Proper planning will help to maximize your family’s wealth
Wayne and Joanne have a grain and cattle farm and are thinking of retiring within the next five years. Their eldest son Jim is the only one of their three children who wants to continue farming. Five years ago, they transferred some land and equipment to Jim to help get him started. On retirement, they would like to transfer the rest of their land to Jim, but sell their equipment, grain and cattle to fund their retirement. Wayne and Joanne are concerned that the transfer and sale may generate regular farm income and taxes, which is what happened to friends in a similar situation who retired without proper planning.
Wayne and Joanne obtain professional advice that includes a detailed analysis of their situation since the tax rules regarding the transfer or sale of farm and farm assets are very complex. Although farmers may qualify for the tax-deferred “rollover” of farm property to a child and the $1,000,000 lifetime capital gains exemption (CGE), these tax-efficient farm strategies do not automatically apply. Our detailed analysis reveals that certain parcels of Wayne and Joanne’s land would qualify for the rollover to Jim. Those parcels of land that would not qualify for the rollover – because they are not considered to have been used “principally in the business of farming” – will still qualify for the CGE, based on Wayne and Joanne’s specific situation. Using a combination of the CGE and the rollover rules, Wayne and Joanne can pass their land to Jim tax-free. Also, this strategy gives Jim a higher cost base for the land, minimizing his future taxes if he sells or transfers the land. In addition, we determined that it would be beneficial to structure Wayne and Joanne’s business as a family farm partnership – so that it will be eligible to be rolled into a corporation, which is a multi-year process. By selling the equipment, grain and cattle from the corporation, they will significantly reduce their tax bill. Employing tax-efficient farm retirement strategies, through our specialized advice, Wayne and Joanne will pay substantially less tax and enjoy a much more comfortable retirement.
What is the capital gains exemption (CGE)?

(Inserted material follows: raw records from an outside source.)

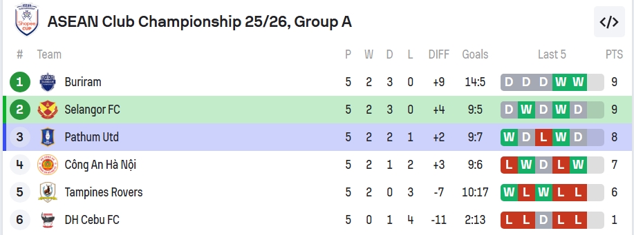 - Buriram: 9 แต้ม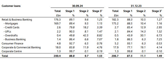 SAN UK is primarily a retail and commercial bank with the overwhelming majority of its assets and its liabilities in the UK. It is in fact heavily weighted towards UK mortgages as its 3Q24 accounts highlight. At 30th September 2024 SAN UK reported net loans of £200.4bn - comprising mortgages of £169.7bn (85%), and Corporate & Commercial Banking exposures of £18.0bn (9%) in the main (more detail in the table extracted from the 3Q24 accounts below) - and customer deposits of £185.7bn.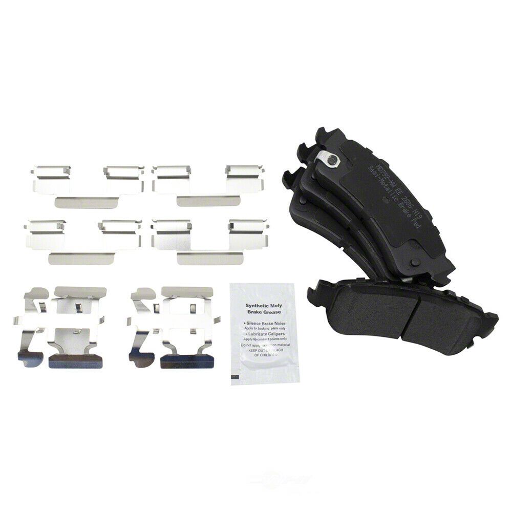 Construction and Appearance. Constructed from semi-metallic friction material with integrally molded bonding, these brake pads feature chamfered edges and multi-layer shims for noise reduction. Finished with a black steel backing plate and black fiber shims, the pads balance durability with quiet operation.

- A lifetime exemption that allows you to realize up to $1,000,000 in capital gains tax-free on the sale or transfer of qualified farm assets;
- The CGE may apply to land, eligible capital property (such as production quota), an interest in a family farm partnership, or shares of a family farm corporation. Depreciable property (such as farm equipment), and inventory (such as grain or cattle) do not qualify.
What are the farm “rollover” rules?
- A set of tax rules that allow farmers to avoid tax on the sale or transfer of qualified farm assets to certain family members;
- “Rollovers” may apply to land, depreciable property (such as equipment), eligible capital property (such as production quota), an interest in a family farm partnership, or shares of a family farm corporation. Inventory (such as grain or cattle) does not qualify.
Who should consider using the CGE and “rollover” rules?
- Farmers who plan to retire sell or transfer the farm and/or farm assets within the next five years;
- Those who want to sell or transfer the farm or farm assets during their lifetime or through their estate, either within their family or to an outside party. Tax-Efficient Farm Retirement Strategies.